Description of the task – Pictures in the material below are to be left out, and only the lines from the line with "Pasaréti tértől pár" up to and including the line with "Absolutely bat-tastic sums" are to be written out exactly.

Provided records –
-----
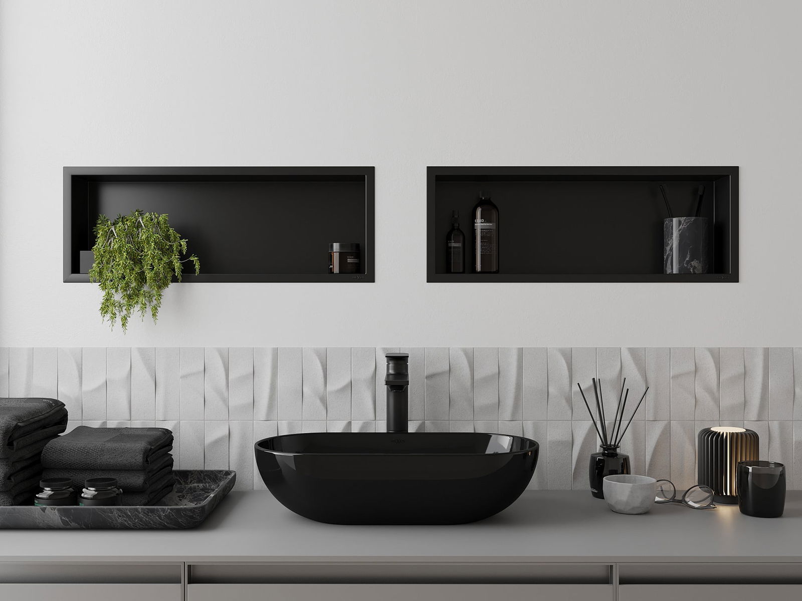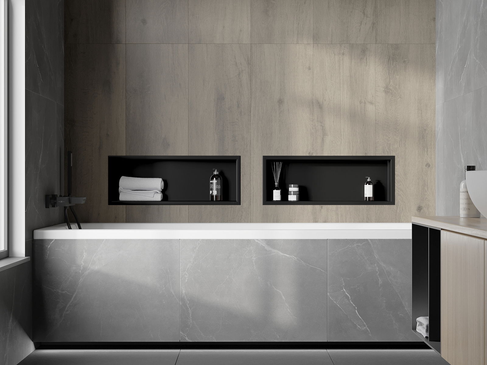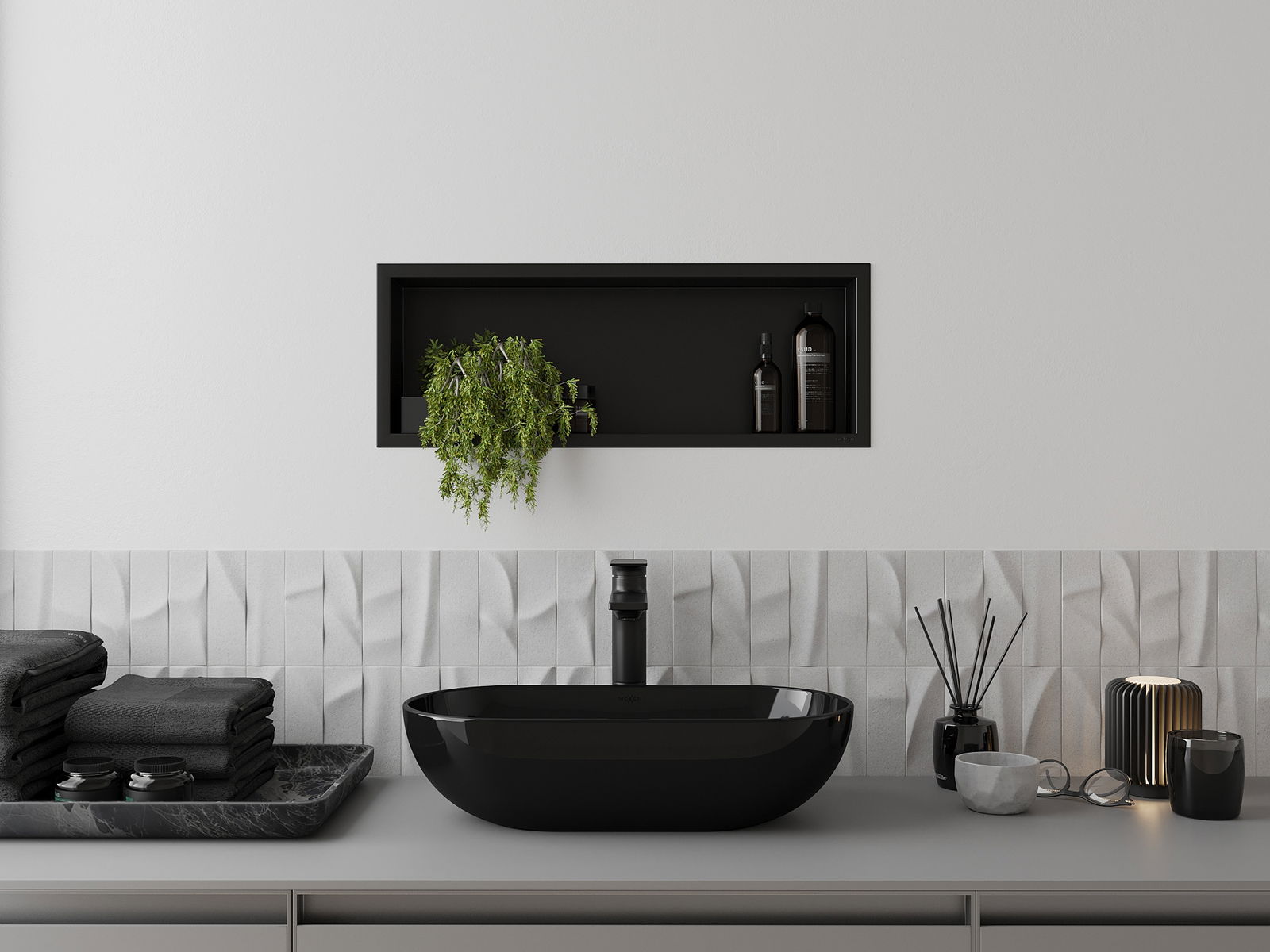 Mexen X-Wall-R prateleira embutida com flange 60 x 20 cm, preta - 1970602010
-----
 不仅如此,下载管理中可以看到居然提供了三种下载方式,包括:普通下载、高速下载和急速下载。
-----
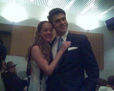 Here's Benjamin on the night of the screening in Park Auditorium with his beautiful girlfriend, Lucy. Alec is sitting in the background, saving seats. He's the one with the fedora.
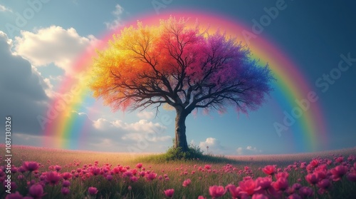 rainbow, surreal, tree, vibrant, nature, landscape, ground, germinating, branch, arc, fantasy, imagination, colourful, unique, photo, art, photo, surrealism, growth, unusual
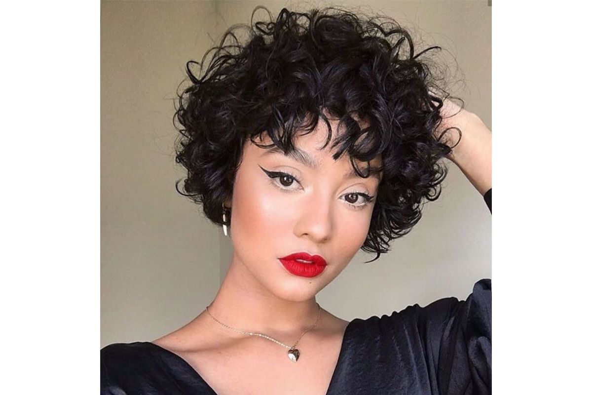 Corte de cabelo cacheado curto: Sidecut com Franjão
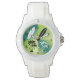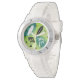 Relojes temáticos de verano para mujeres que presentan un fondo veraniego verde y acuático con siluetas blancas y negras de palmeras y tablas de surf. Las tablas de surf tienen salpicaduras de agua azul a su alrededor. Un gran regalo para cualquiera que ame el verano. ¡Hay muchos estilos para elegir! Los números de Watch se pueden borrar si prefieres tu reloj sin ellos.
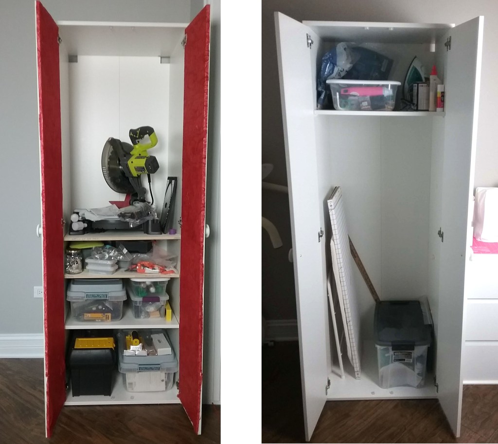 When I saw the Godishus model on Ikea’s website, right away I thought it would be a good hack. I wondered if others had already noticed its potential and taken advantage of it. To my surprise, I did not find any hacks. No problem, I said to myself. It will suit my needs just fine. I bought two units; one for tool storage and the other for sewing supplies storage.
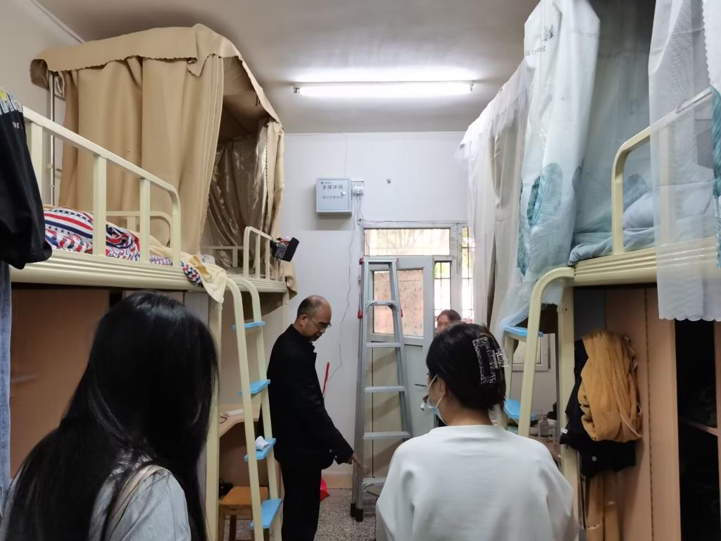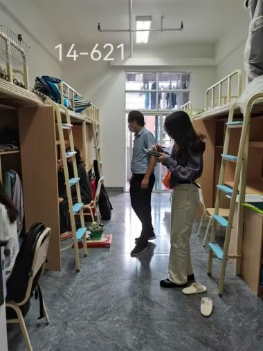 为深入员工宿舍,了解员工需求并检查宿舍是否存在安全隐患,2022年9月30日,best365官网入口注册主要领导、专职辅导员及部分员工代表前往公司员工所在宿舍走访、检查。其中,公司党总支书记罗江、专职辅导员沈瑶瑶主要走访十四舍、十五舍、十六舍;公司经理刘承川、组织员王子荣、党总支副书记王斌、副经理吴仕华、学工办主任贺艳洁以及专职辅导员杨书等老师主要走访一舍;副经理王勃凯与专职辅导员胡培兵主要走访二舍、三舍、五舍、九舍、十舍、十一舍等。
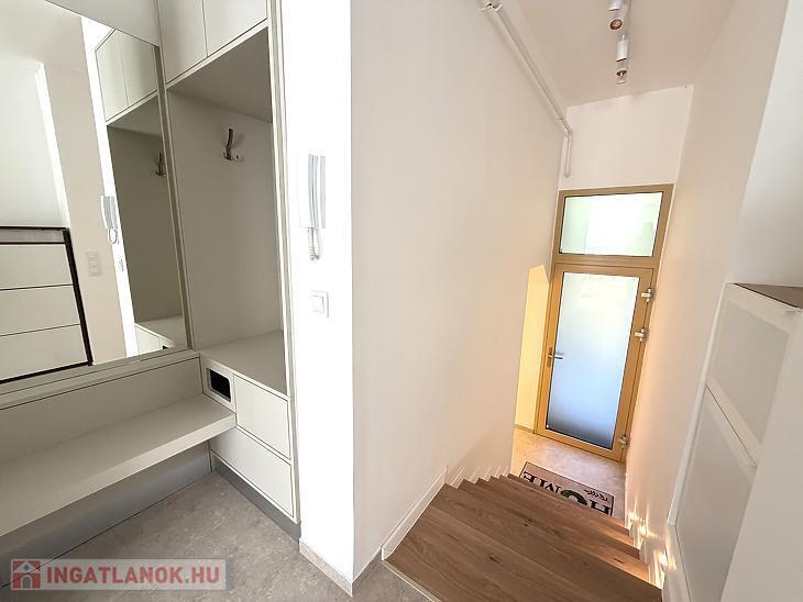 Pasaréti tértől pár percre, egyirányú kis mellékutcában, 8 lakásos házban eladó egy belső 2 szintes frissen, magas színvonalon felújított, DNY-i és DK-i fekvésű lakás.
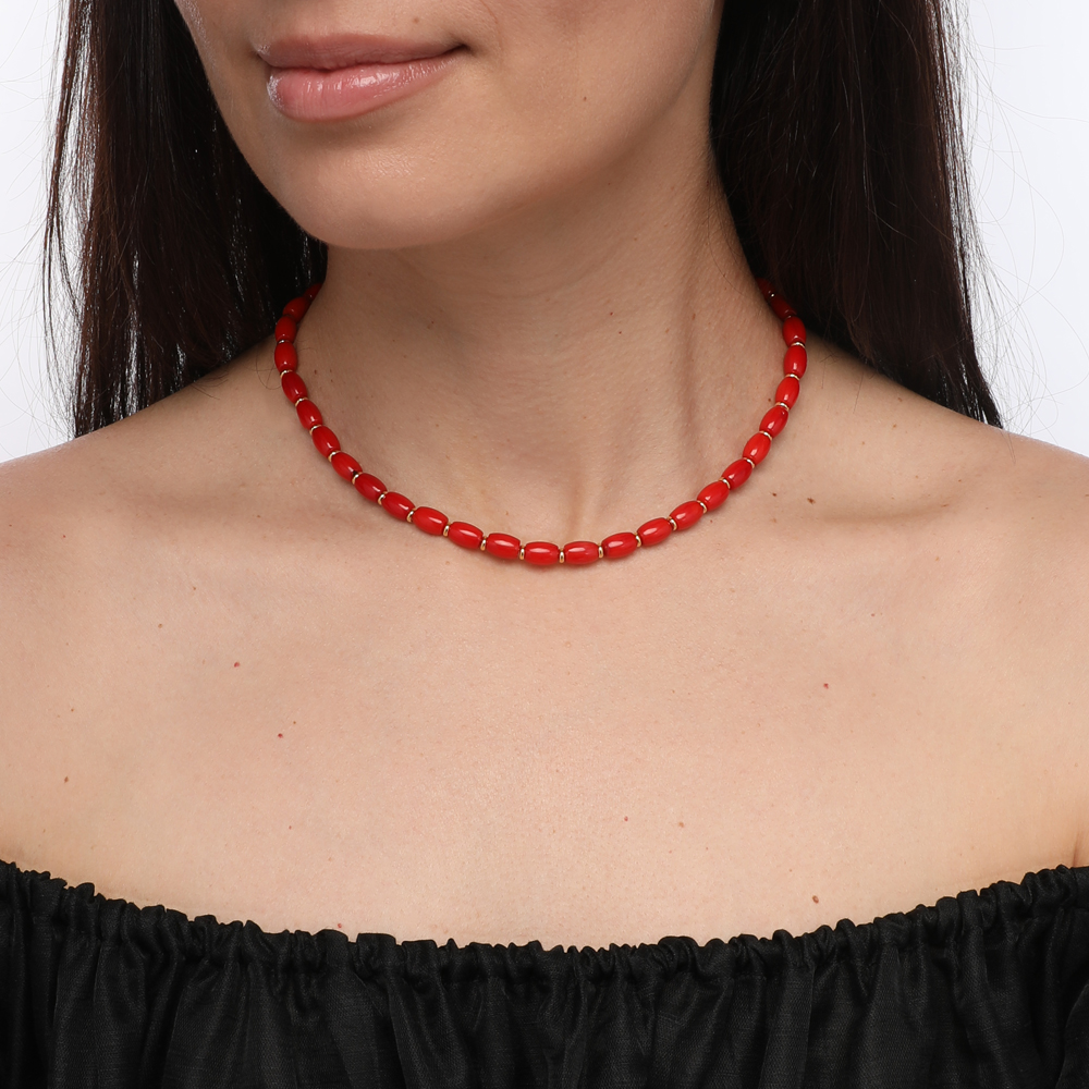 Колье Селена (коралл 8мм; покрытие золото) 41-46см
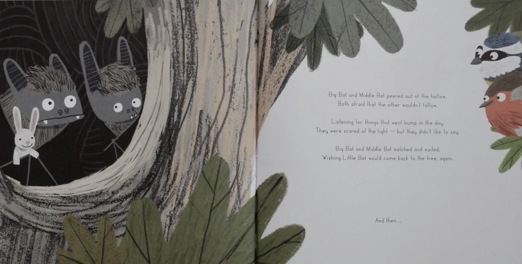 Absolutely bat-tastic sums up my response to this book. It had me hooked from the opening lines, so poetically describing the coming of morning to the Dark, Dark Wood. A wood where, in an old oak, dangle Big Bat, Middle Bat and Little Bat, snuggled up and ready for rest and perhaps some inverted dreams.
-----
Expected answer –
 Pasaréti tértől pár percre, egyirányú kis mellékutcában, 8 lakásos házban eladó egy belső 2 szintes frissen, magas színvonalon felújított, DNY-i és DK-i fekvésű lakás.
 Колье Селена (коралл 8мм; покрытие золото) 41-46см
 Absolutely bat-tastic sums up my response to this book. It had me hooked from the opening lines, so poetically describing the coming of morning to the Dark, Dark Wood. A wood where, in an old oak, dangle Big Bat, Middle Bat and Little Bat, snuggled up and ready for rest and perhaps some inverted dreams.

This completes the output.